The TIGTA audit recommended for the IRS and the Department of Treasury to determine ACTC eligibility for ITIN filiers and if ACTC refunds should continue to be paid to undocumented workers in the future. The report also recommended for the IRS to verify dependents that were claimed in ACTC filings and to notify taxpayers when their Social Security Numbers (SSN) have been compromised. Even employees in the Account Management Taxpayer Assurance Program have failed to notify taxpayers when their SSNs and names have been compromised, the TIGTA audit reported.
The IRS is looking into options about notifying taxpayers when SSNs have been compromised. The IRS did not agreed to require additional documentation to support CTC and ACTC claims on ITIN returns, according to the report.

TIGTA 2011 audit report (PDF) at link:


Wisconsin Hispanic population in the state grew by 74% 336,056, an increase of 143,135 from 2000. Hispanics now account for 5.9 percent of Wisconsin's total population and more than 3,000 Hispanic owned businesses contribute more than $800 million in annual sales.

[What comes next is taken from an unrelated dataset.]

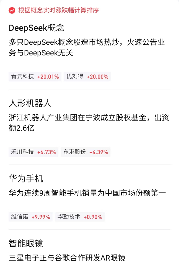 图片来自:网络 另外,目前券商研究所的各类研报和电话会也是密切聚焦AI。与科技相关的各行业分析师几乎是言必称DeepSeek。事实上,DeepSeek引爆的科技行情已经从AI软件蔓延到智能手机、智能眼镜、智能驾驶等硬件应用领域。例如,今天在比亚迪将召开智能化战略发布会的催化下,智驾概念股异动大涨,比亚迪午后强势涨停。 而这种外溢效应还在不断蔓延到其他领域,每经记者注意到,DeepSeek的火出圈激发了一些看似和科技行业关系不算直接的行业分析师的挖掘热情。 例如,华福证券商社团队今晚举办“AI如何赋能消费”的AI应用专题会议,此次会议将探讨大模型与消费应用结合的案例(消费场景、电商应用、零售赋能及其他消费应用领域)。 据悉,今晚,华泰证券将举行“周期半月谈第10期:关税迷雾和Deepseek惊喜”电话会,参会的主讲人为首席宏观经济学家、有色、化工、能源、建筑建材、农林牧渔首席等非科技行业分析师。

A City of Milwaukee economic study reported that the South side households in the predominately Latino community located inside Postal Zip Code 53204 in Milwaukee spend more than $91 million annually in retail goods, according to the 2006 Department of City Development statistics. In one day, they spent approximately $249,315.06. The biggest tax-generating base for the city comes solely from the South side.
In Milwaukee, over 850 Hispanic owned businesses generate more than $225 million in annual sales. It is abundantly clear that the immigration of Hispanics and undocumented immigrants to Southeastern Wisconsin is tied to a large degree to the available resources that Hispanics have in the area.